---------- INPUT DATA
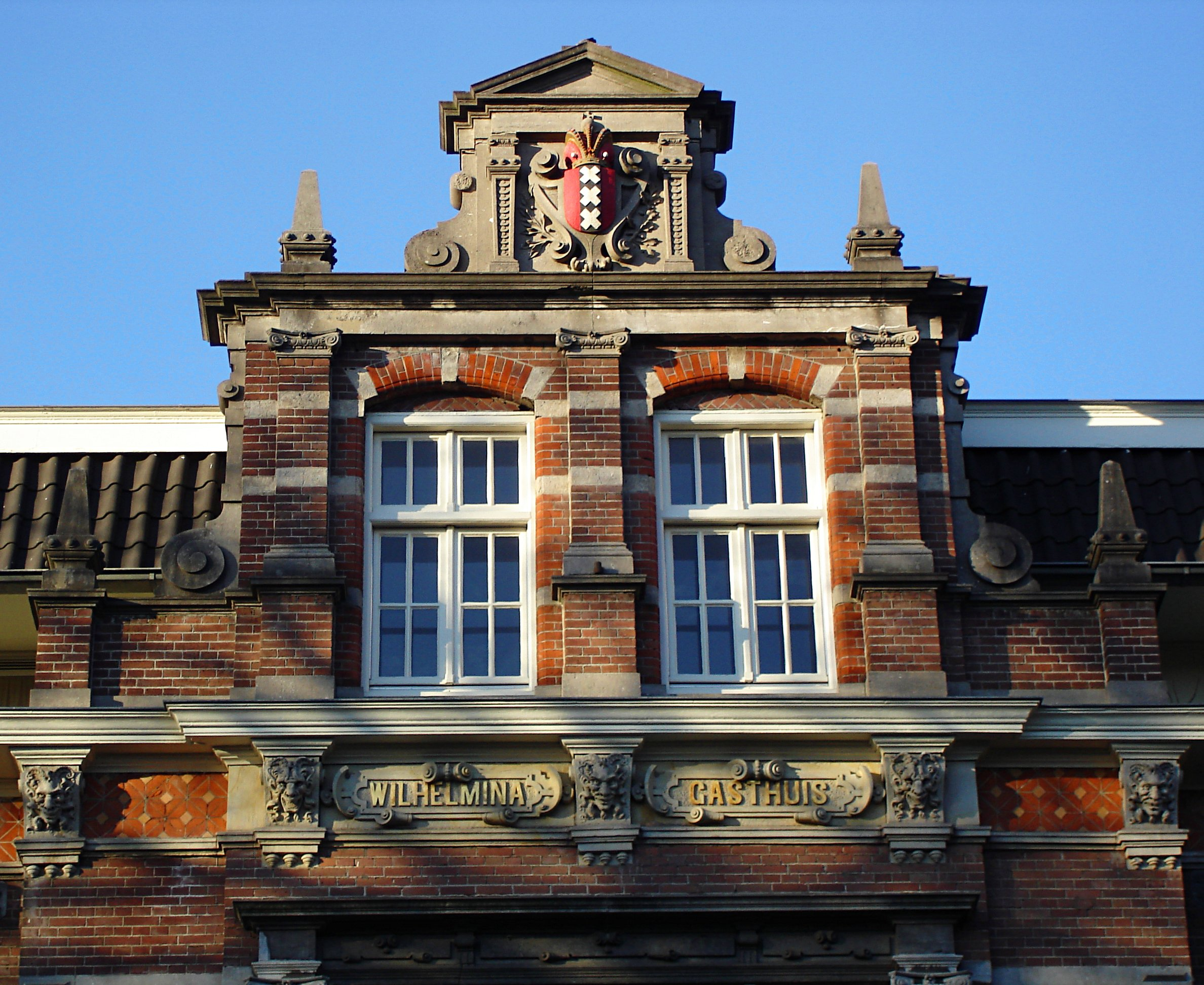 Detail of façade, entrance to the former Wilhelmina Gasthuis, Helmersbuurt, Oud-West, Amsterdam
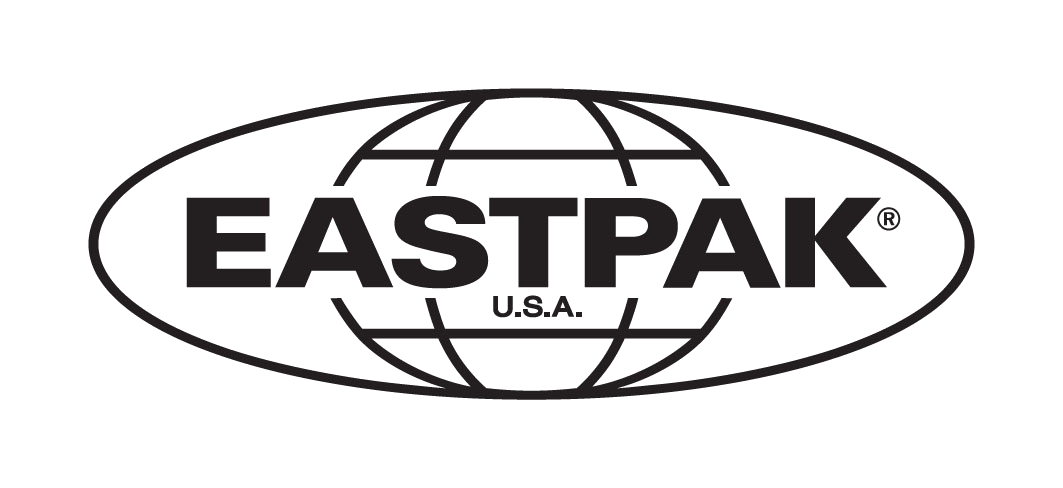 Eastpak logo.
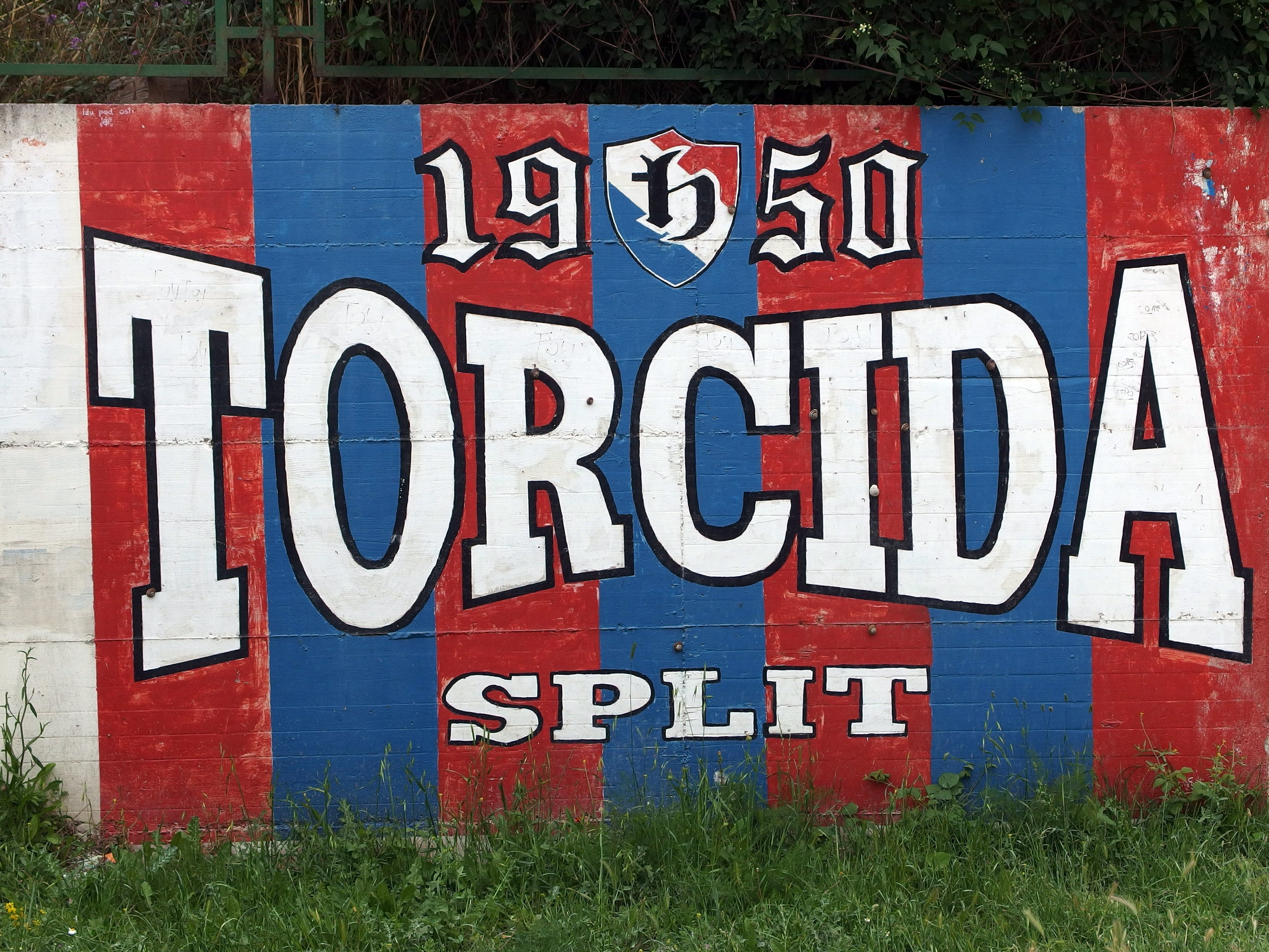 2013-06-02 in Split.
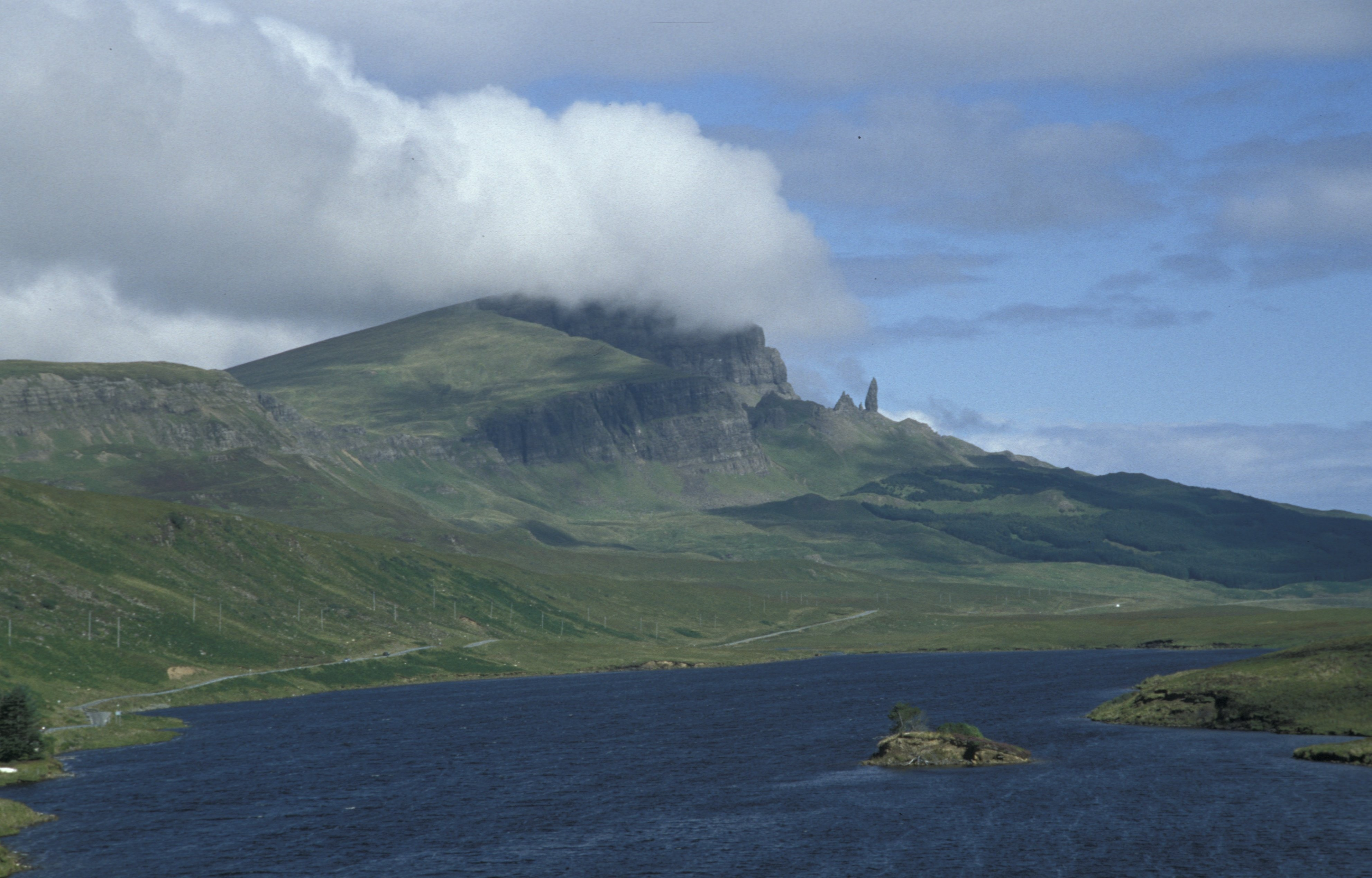 Old Man of Storr (rock), Skye (island), Scotland. View approximately from the south. Scanned from a slide photography taken 2003-08-28.
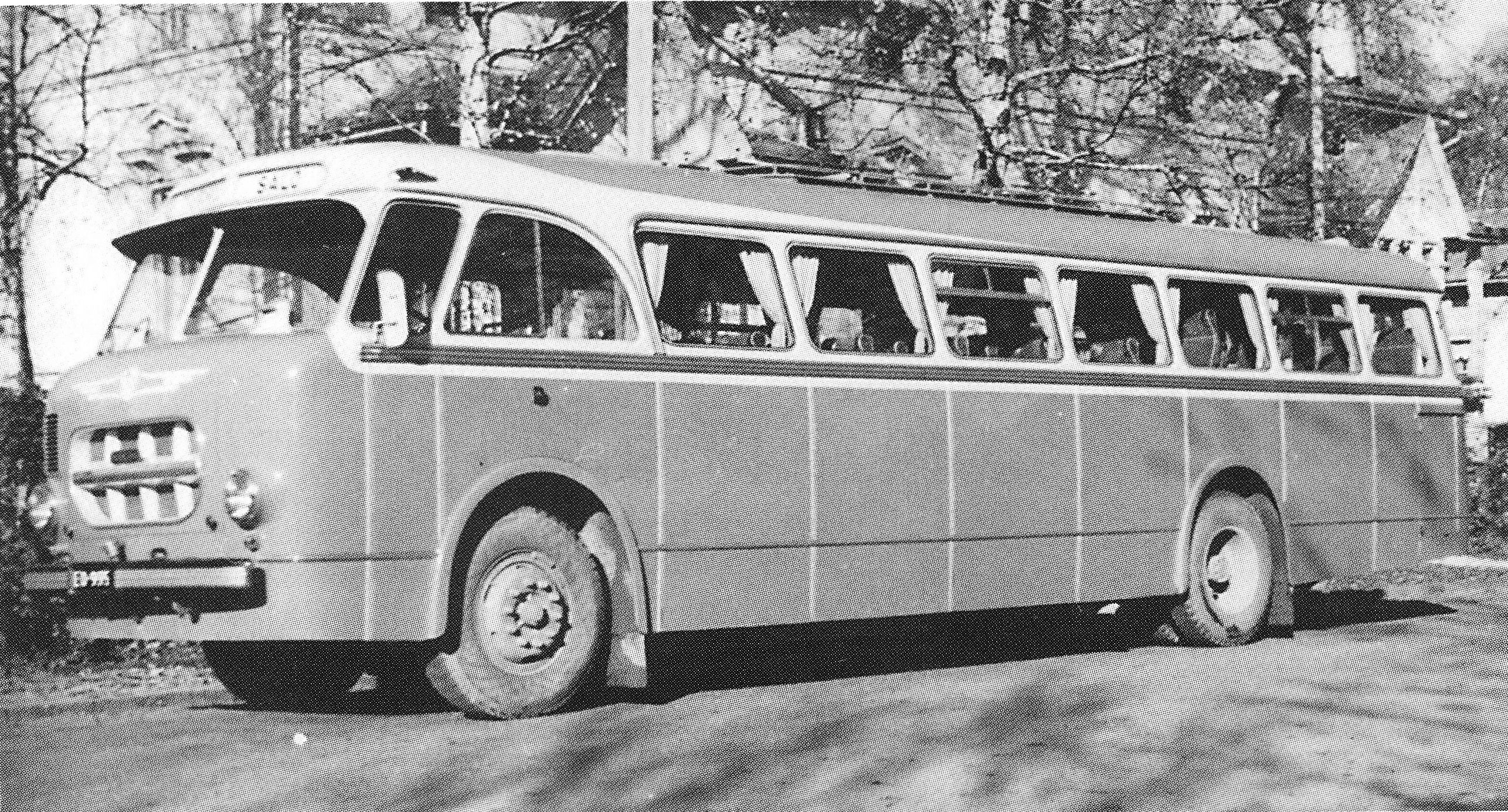 Year 1958 model Volvo B615 bus
--------------------
WHAT IS EXPECTED = With every picture omitted, write out the material exactly from its first line through the line containing "Old Man of Storr".

EXERCISE RESULT =
 Detail of façade, entrance to the former Wilhelmina Gasthuis, Helmersbuurt, Oud-West, Amsterdam
 Eastpak logo.
 2013-06-02 in Split.
 Old Man of Storr (rock), Skye (island), Scotland. View approximately from the south. Scanned from a slide photography taken 2003-08-28.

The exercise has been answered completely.